Protecting Inventions When Patent Protection Can No Longer Be Relied Upon
Speakers: Kevin Roe, Patent Attorney, and Phil Marcoux, Entrepreneur, Inventor and Patent Generator
Meeting Date: Thursday, May 4, 2017
Time: 6:00 pm Networking; 6:30 pm Management Forum/Guided Networking; 7:00 pm sandwich dinner;
7:30 pm Presentation
Early: $12 IEEE members; $15 non-members; Standard: $5 more; At Door: $20
Location: AMD Commons Building, Sunnyvale
Reservations: tems1705.eventbrite.com
Slides: “Trade Secret Protection Advice”
Handout: “Popquiz 2 Inventors Important Lessons”
SUMMARY
Management Forum / Guided Networking: Bring Your Management Challenge; Arrive by 6:30 PM to join this exciting Management Forum. Following informal networking is a guided discussion typically related to the topic of the evening’s after dinner talk, or of general Technology Management interest.
Light Dinner: This month we’re continuing with our light dinner format — typically sandwiches, salad, drinks, and cookie or similar light dinner.
Presentation: Protecting Inventions: Inventions can only really be protected in two ways — either as a trade secret, or by filing a patent application. Patent applications were the default choice for invention protection for decades, until the anti-patent bias of the US federal courts really kicked into high gear in June 2014 with the Alice decision. The Alice decision was then mutated in 2015 and 2016 into even more patent-hostile rationalizations to invalidate patents, even patents that would have been considered valid by any rational person with a technical education. Now patent enforcement and patent protection of an invention is very chancy in US federal courts, especially for individual inventors and small companies. The time and expense of patent applications is now not very cost effective in view of this anti-patent hysteria at every level in the US federal court system.

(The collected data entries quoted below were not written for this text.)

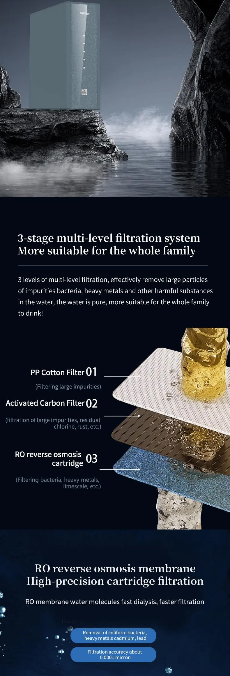 ✨ 0.0001 micron high precision RO membrane filters out heavy metals, bacteria, viruses and other harmful substances, and the water is pure
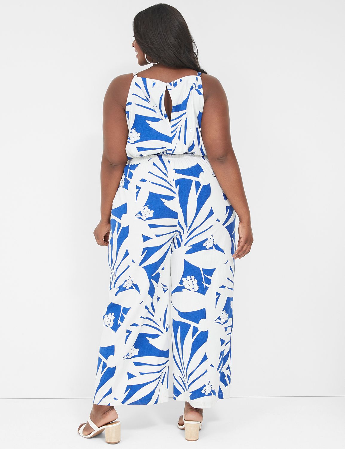 Linen V Neck Wide Leg Jumpsuit LaneBryant
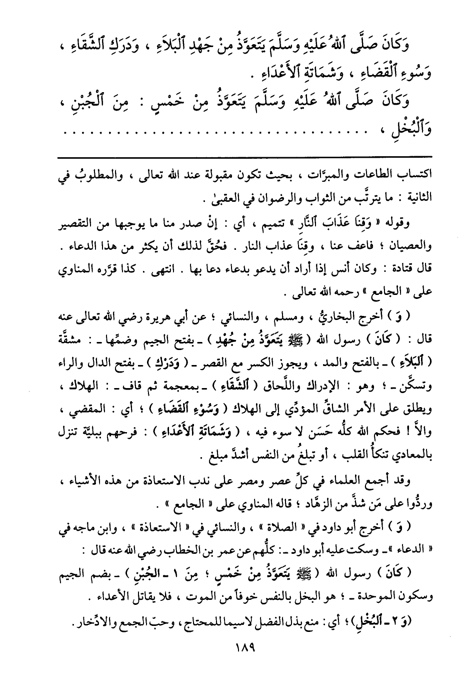 (و) أخرج البخاريّ، ومسلم، والنسائي؛ عن أبي هريرة رضي الله تعالى عنه قال: (كان) رسول الله (صلى الله عليه وسلّم يتعوّذ من جهد) - بفتح الجيم وضمّها-: مشقّة (البلاء) - بالفتح والمد، ويجوز الكسر مع القصر- (ودرك) - بفتح الدال والراء وتسكّن-؛ وهو: الإدراك واللّحاق (الشّقاء) - بمعجمة ثم قاف-: الهلاك، ويطلق على الأمر الشاقّ المؤدّي إلى الهلاك (وسوء القضاء) ؛ أي: المقضي، والّا! فحكم الله كلّه حسن لا سوء فيه، (وشماتة الأعداء) : فرحهم ببليّة تنزل بالمعادي تنكأ القلب، أو تبلغ من النفس أشدّ مبلغ.
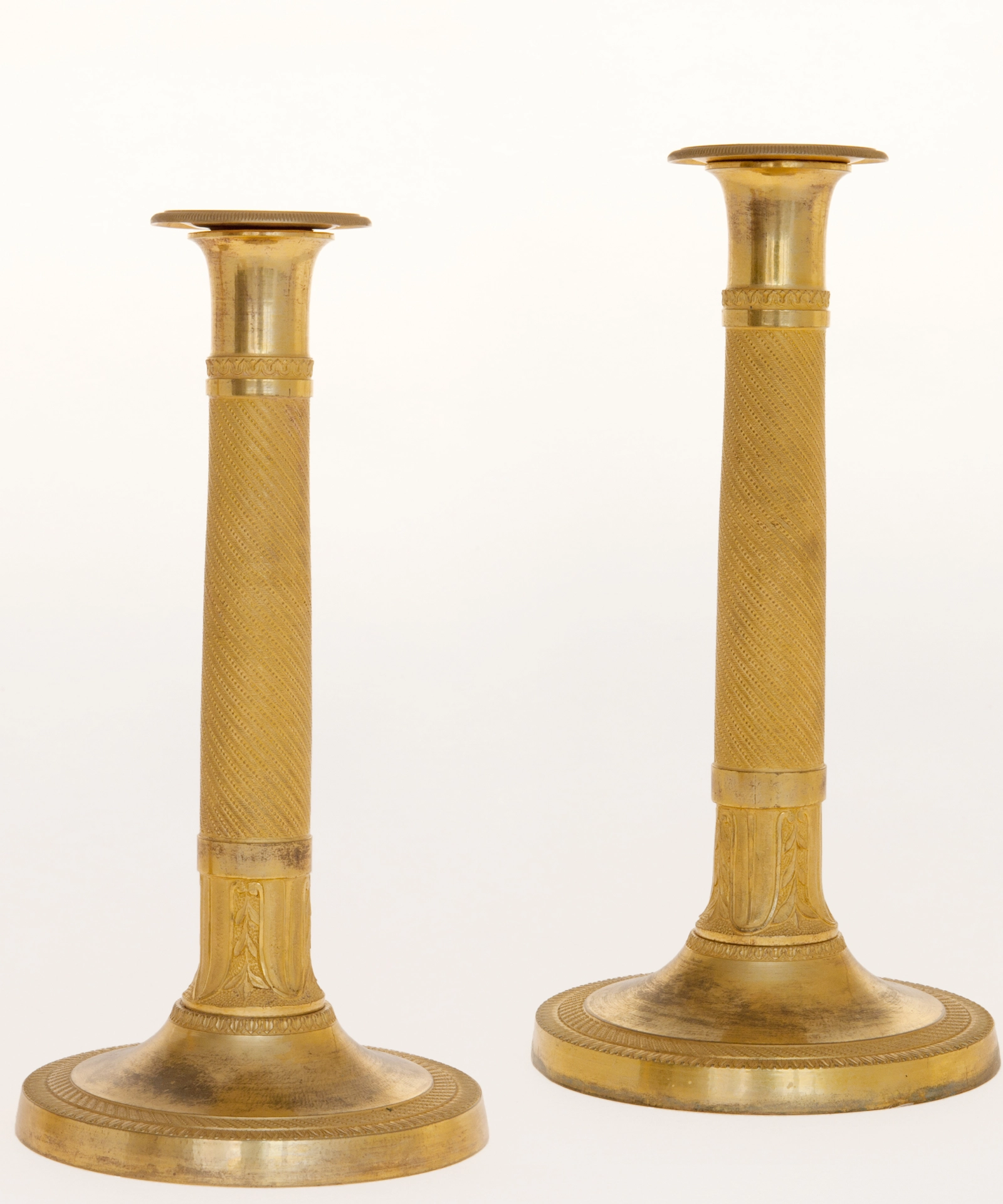 Een Paar Vuurvergulde Empire Kandelaars in Vuurverguld Brons
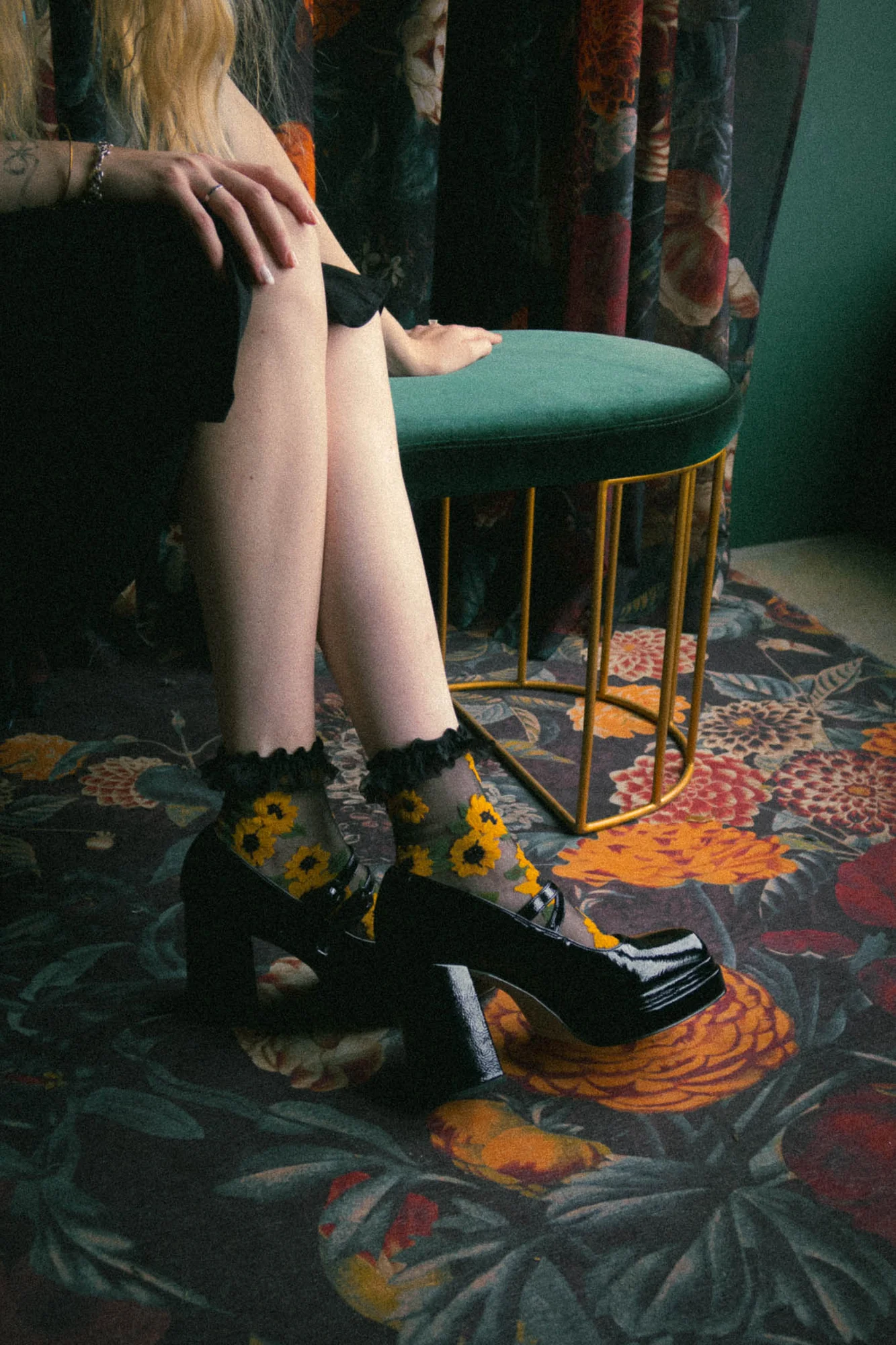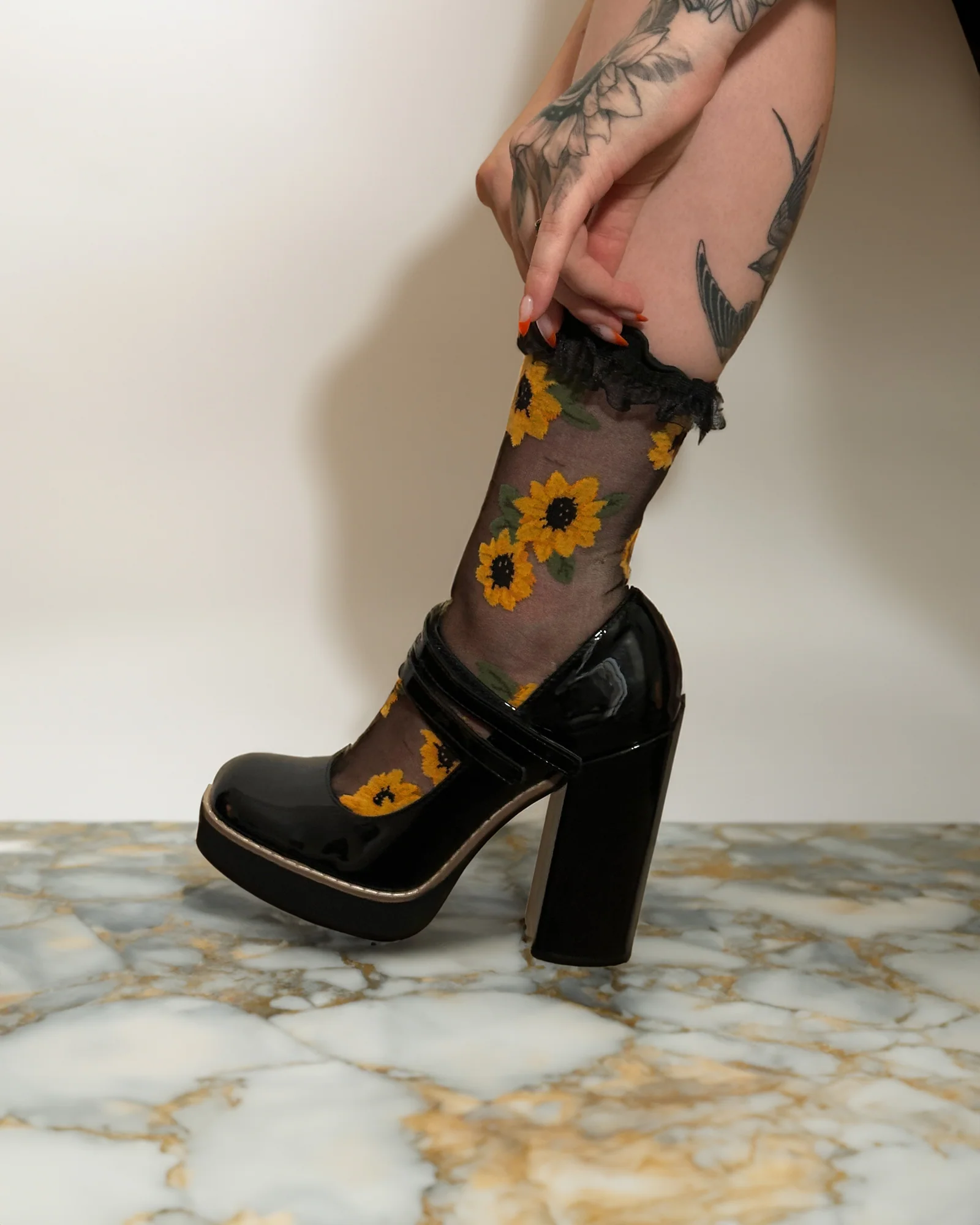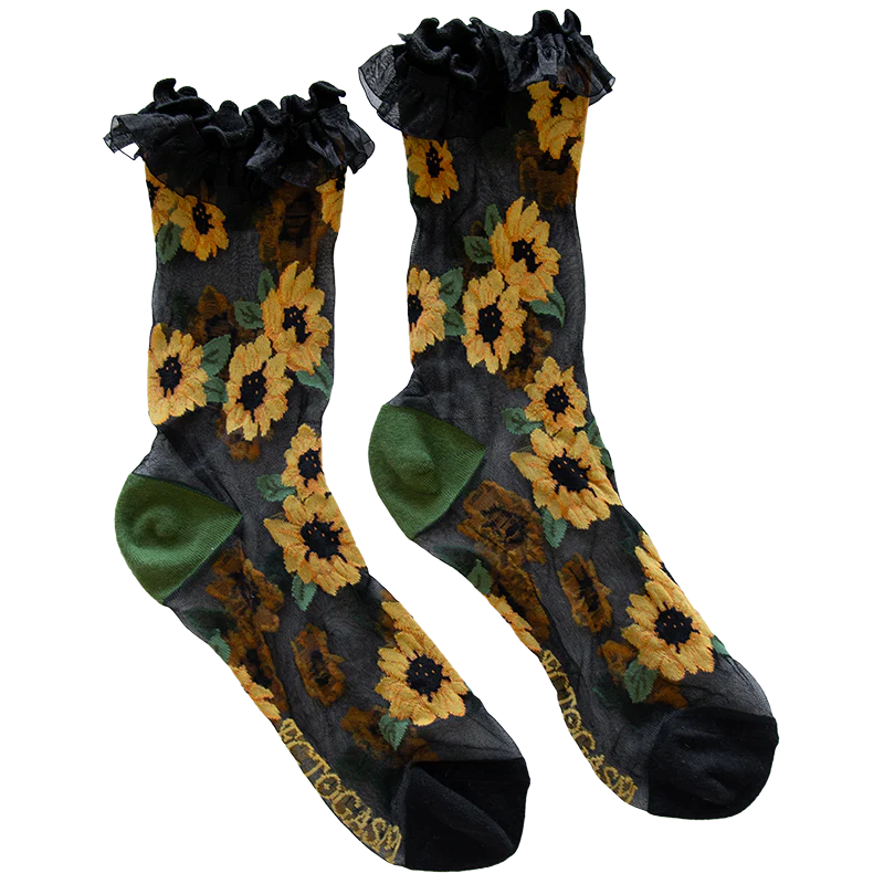 Add a touch of whimsy to your wardrobe with these enchanting Sheer Sunflower Socks. Crafted from delicate black mesh and adorned with blooming sunflower motifs, this pair brings playful elegance to every outfit.

Fortunately, many inventions can be protected as trade secrets. The advantages and disadvantages of trade secrets will be discussed, as well as trade secret cross-licensing. Kevin and Phil collaborated on an article for Chip Scale Review magazine which was released this month.
Speaker Bios
Kevin Roe has two graduate degrees in electrical engineering and a JD degree in law. He is an intellectual property attorney with over 21 years of experience advising inventors and companies on their inventions and has created several entire patent portfolios for many different technology companies — frequently with a 100% patent issue success rate. He also advises clients on all issues regarding trade secrets, patents, technology licensing, contracts, trademarks and litigation in general. He is registered to practice before the US Patent and Trademark Office and is also registered and authorized to litigate before the US Supreme Court and the US Court of Appeals for the Federal Circuit. His email address is kevin.roe@att.net.
Phil Marcoux’s developments in 2.5D and 3D packaging represent his fourth major new business development. He has been a pioneer in laser trimmed IC devices, surface mount technology, wafer level packaging and now 3D. A common thread in his industry involvement is multi-chip and complex IC packaging.
Phil has been co-founder and CEO of three companies and technical adviser to many. He has successfully and unsuccessfully sold and commercialized patents and technology. He is co-inventor and owner of over 38 issued patents in the area of Wafer Level Packaging, Chip Scale packaging, Silicon Interposers, 3D and 2.5D packaging. Author of many articles and texts on SMT, 3D IC assembly, and one of the first textbooks on fine pitch SMT packaging and processes titled “Fine Pitch Surface Mount Technology”, published by Van Nostrand in 1992.
Phil received his BSEE from University of Florida and MSEE/MBA from Santa Clara University. He was an Assoc. Professor in the Graduate School of Engineering for 3 years. Since 2010 he has been a technical consultant to companies in the Santa Clara area, a recipient of the IPC President’s award, a member of the MEPTEC Advisory Board, a past member of the University of Florida College of Engineering Advisory Board, and Past Vice President of the Packaging Division of the FOA — Wafer Fab Owner’s Association. Life Member of IEEE. ACP-Advisor Net Mentor for Military.
In 2007 Phil was named “The Father of Surface Mount Assembly in the US” by the IPC resulting from his founding and management of AWI (Santa Clara, CA). AWI (founded in 1981) was the first company in the US to specialize in SMT. AWI was successfully sold and integrated into SCI Systems in 1988. SCI was, in 1988 the world’s largest contract assembly company.